The Louisiana Legislative Auditor last week posted a contracted financial audit of the District Attorney for the 19th Judicial District that examined finances and controls for 2022 that revealed a significant finding.

“In November 2022, eleven checks, drawn on the District Attorney’s Narcotics Seizure account, were fabricated using check numbers that had previously been used,” auditors wrote. “The eleven checks that were fabricated totaled $46,081.21, of which one check for $4,999.99 was not allowed to clear the bank, two checks totaling $10,696 were reversed by the bank.”

The result was a net unresolved theft of $30,385.22, which has yet to be recovered.

“The East Baton Rouge Parish Sheriff’s Office completed an investigation that was inconclusive,” auditors wrote. “The District Attorney’s bank sent hold harmless agreements to banks where the remaining checks were negotiated attempting to and requesting that the funds be returned.”

Auditors recommended the district attorney continue to work to recover the funds, and to explore available methods of security with its financial institution.

Management at the district attorney’s office, headed by Hillar Moore, told auditors the office “has pursued and implemented other available methods of security with its financial institution, (i.e., Positive Pay) to address the matter,” according to the report.

“Management will continue to monitor for additional security needs and will continue to take the appropriate measures to address those needs, if any,” management’s response read.

A review of the district attorney’s policies and procedures for budgeting, purchasing, disbursements, receipts and collections, payroll and personnel, contracting, credit cards, travel expenses, debt service, and other matters mostly resulted in no exceptions noted.

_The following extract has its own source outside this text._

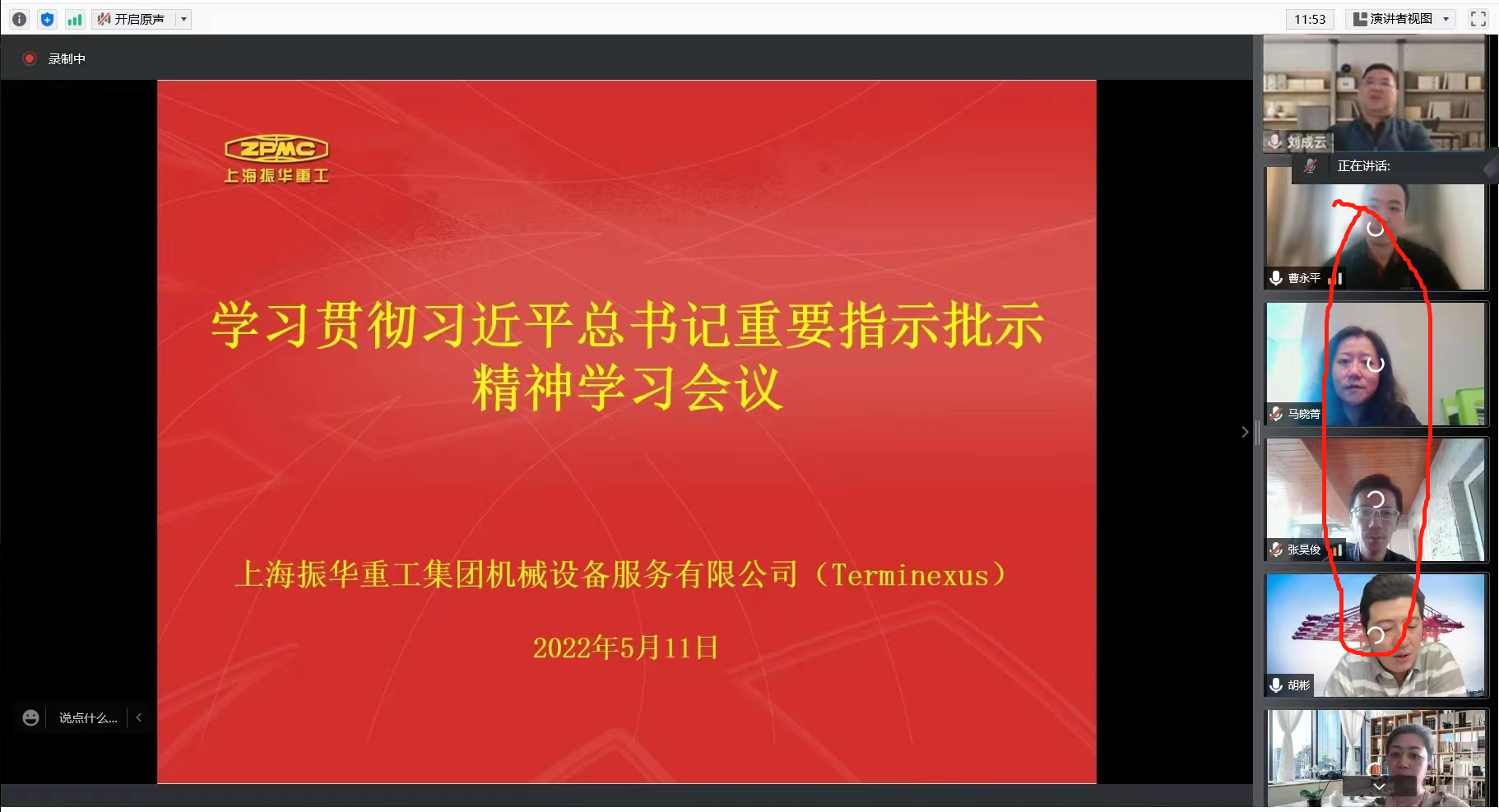 会上,胡彬同志首先领学了中交集团、振华重工党委关于学习贯彻习近平总书记重要指示批示精神会议精神,并就近期党中央、上海市委、中交集团驻沪统筹推进疫情防控与生产经营工作领导小组及公司的部署学习情况进行汇报;随后,Terminexus总经理陈凯就公司疫情防控与复工复产情况进行汇报,包括公司各项经济指标、员工居家办公、复工复产准备情况,重点介绍了公司物流运输、市场经营、股份制改革及困难员工帮扶等工作推进情况。Terminexus领导班子及业务骨干就分管业务板块分别做交流发言。

The district attorney provided a correction action plan for a few issues with documenting bank reconciliations greater than 12 months old, bonding employees who have access to cash, and non-payroll disbursements.

For bank reconciliations, the district attorney promised to implement new documentation standards by the end of September. The district attorney also adopted policies and procedures to annually assess the volume and risk of employees with access to cash who are not bonded or covered by the office’s insurance policy.

The district attorney adopted similar annual risk assessment policies for non-payroll disbursements and mitigating controls “to determine the need to implement a formal purchase order system and/or shift responsibilities to segregate duties further,” the audit read.